AVA ICMBio-MMA

Melinda D. Smith1,*, Brian W. van Wilgen2, Catherine E. Burns3, Navashni Govender4, Andre L. F. Potgieter4, Sandy Andelman5,
Harry C. Biggs4, Judith Botha4 and Winston S. W. Trollope

Abstract

The long-term effects of changing fire regimes on the herbaceous component of savannas are poorly understood but essential for understanding savanna dynamics. We present results from one of the longest running (>44 years) fire experiments in savannas, the experimental burn plots (EBPs), which is located in the Kruger National Park (South Africa) and encompasses four major savanna vegetation types that span broad spatial gradients of rainfall (450–700 mm) and soil fertility.

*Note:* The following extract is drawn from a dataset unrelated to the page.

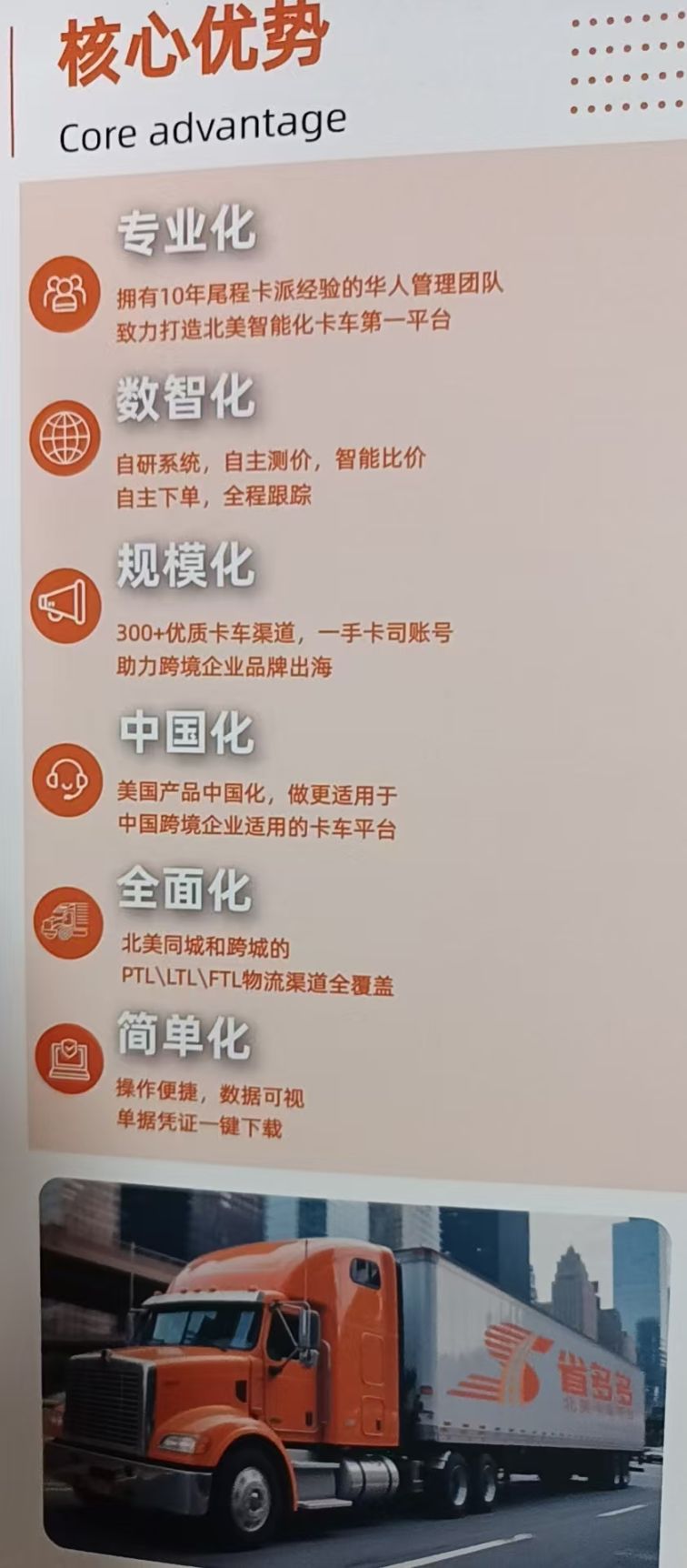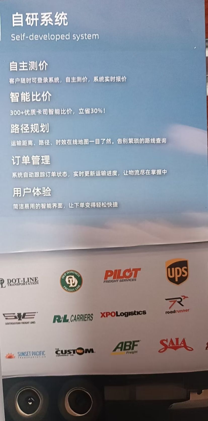 1. 自研系统支持自主测价、智能比价(立省30%)、路径规划;2. 覆盖美加墨90州及岛屿,日处理订单2000+;3. 有特种许可可运输特大/特重货物,亚马逊官方运营合作

Herbaceous vegetation was sampled twice in the EBPs using a modified step-point method, once prior to initiation of the experiment (1954) and again after 44–47 years. Different combinations of three fire frequency (1-, 2- and 3-year return intervals) and five season (before the first spring rains, after the first spring rains, mid-summer, late summer and autumn) treatments, as well as a fire exclusion treatment, were applied at the plot level (∼7 ha each), with each treatment (n = 12 total) replicated four times at each of the four sites (n = 192 plots total). The effects of long-term alterations to the fire regime on grass community structure and composition were analyzed separately for each site.

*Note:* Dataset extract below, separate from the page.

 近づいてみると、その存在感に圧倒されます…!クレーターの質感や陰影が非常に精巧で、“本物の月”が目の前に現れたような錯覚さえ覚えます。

Over the 44+ years duration of the experiment, fires were consistently more intense on sites with higher mean annual rainfall (>570 mm), whereas fires were not as intense or consistent for sites with lower and more variable rainfall (<510 mm) and potentially higher herbivory due to greater soil fertility. Because the plots were open to grazing, the impacts of herbivory along with more variable rainfall regimes likely minimized the effects of fire for the more arid sites. As a consequence, fire effects on grass community structure and composition were most marked for the higher rainfall sites and generally not significant for the more arid sites. For the high-rainfall sites, frequent dry season fires (1- to 3-year return intervals) resulted in high grass richness, evenness and diversity, whereas fire exclusion and growing season fires had the lowest of these measures and diverged the most in composition as the result of increased abundance of a few key grasses. Overall, the long-term cumulative impacts of altered fire regimes varied across broad climatic and fertility gradients, with fire effects on the grass community decreasing in importance and herbivory and climatic variability likely having a greater influence on community structure and composition with increasing aridity and soil fertility.